本也不是我的。单邢的唇畔漾开了一抹笑,是自嘲,却也是失落。
五年前他困于流言,可笑五年后他亦被流言所害。自认从未伤人,谁知天道降罪。天道何其不公,只因我是半兽之人便要生生担下所有罪责?单邢心下凄然。
怀烟望着单邢嘴角的弧度,秀眉微微蹙起,言语中带了几分诘问,“您当真要如此吗?
“不是我要不要,是他理应受些磋磨。”宁婆坦然地看向怀烟。
“若他这点磨难都过不去,倒是配不上如此贵重的命格了。”宁婆淡淡道。
辅皇之相,可升九天,如此命格可谓是贵不可言。只是有此命格的人却大多幼时多难,纵然天佑,茕茕孑立幼年早夭者也时常有之。
只是宁婆可以看透单邢,却看不透眼前的少女。想来我老婆子学艺不精吧,宁婆面上有些难言的伤感,她默默地收回了在怀烟面上的目光。

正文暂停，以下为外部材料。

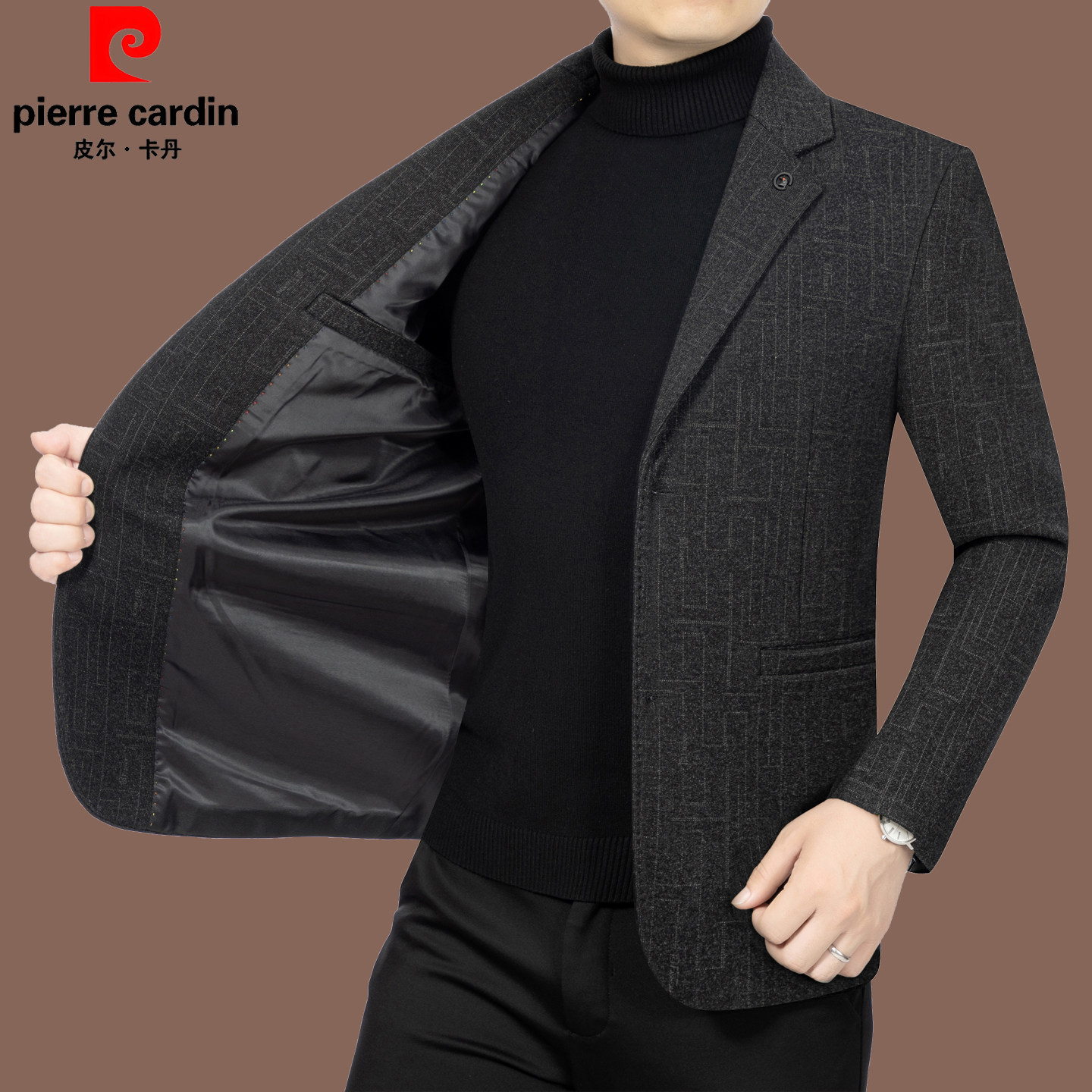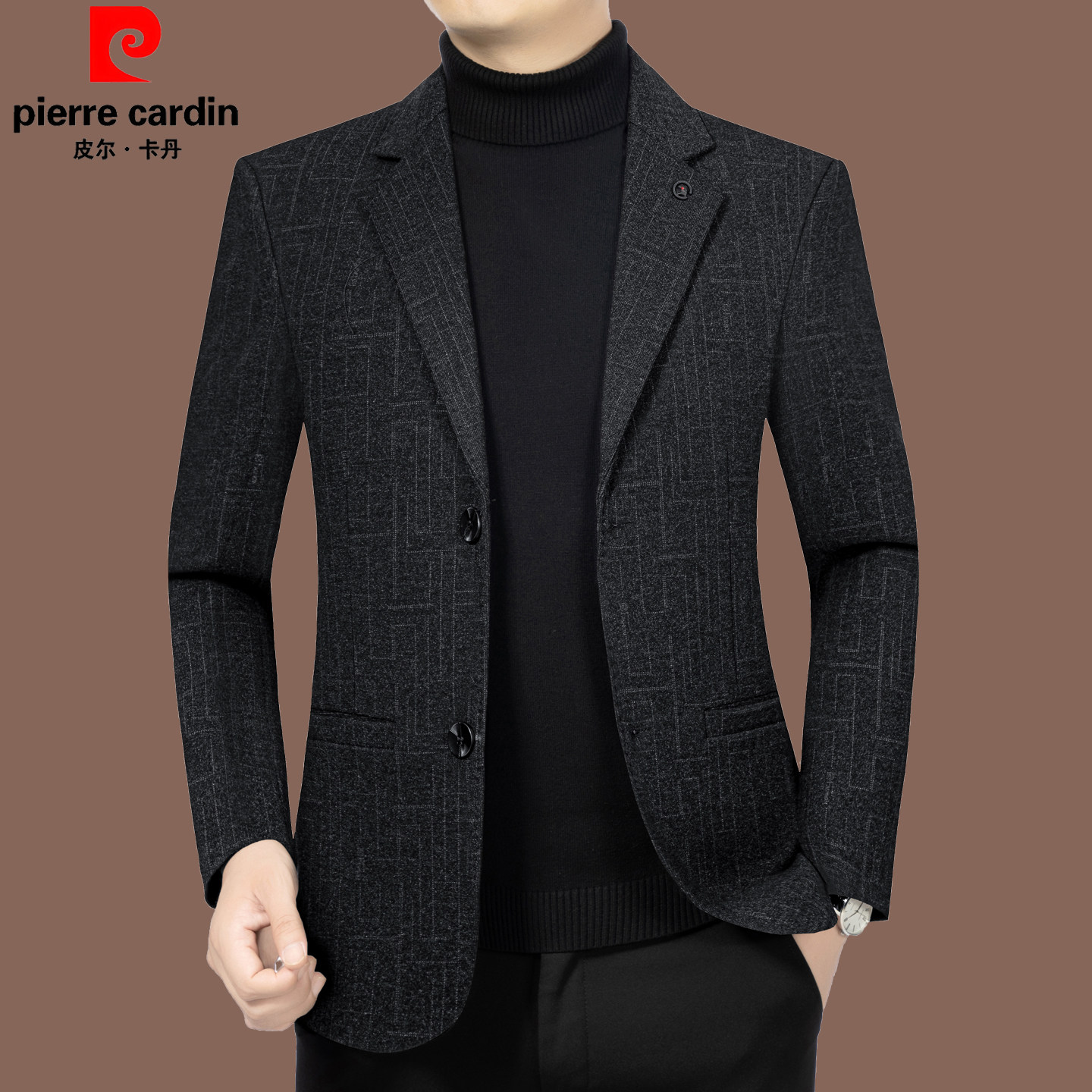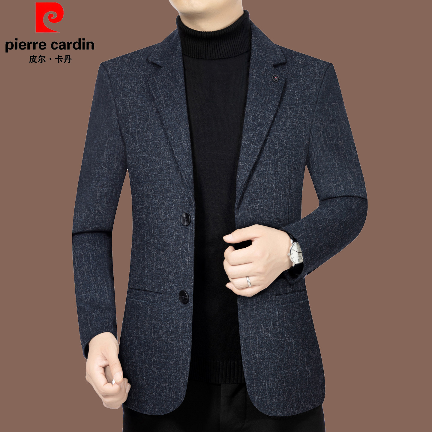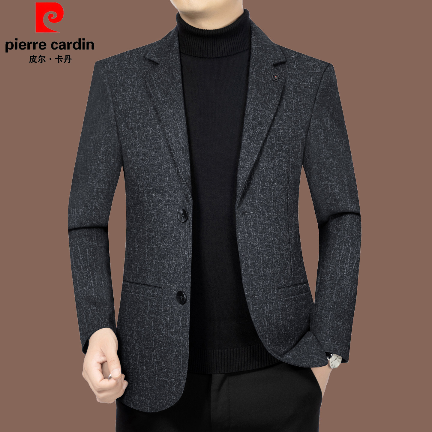 皮尔卡丹春秋新款中年男西装上衣修身商务休闲高端爸爸装西服外套

“可若他真的死了,您又该做何解?”怀烟面色坚定,显然没有因为宁婆的命格说改变想法,她说着便想要从椅子上站起。
哪知宁婆早已看出怀烟想要破门而出的动作,衣袖一挥,那怀烟便定在木椅上再也不能动弹半分。
“祭天火刑,您可知单邢会死?”怀烟气急。
“你且看着吧。”还是太过年轻,宁婆看着怀烟,心下叹气,她的双目向那远方看去,那是黎悟归来的方向,生皇则出相,皇相相辅相成,今日不仅是相的磨难,亦是二者的磨合。想来这分裂已久的玄赢格局也该变上一变了。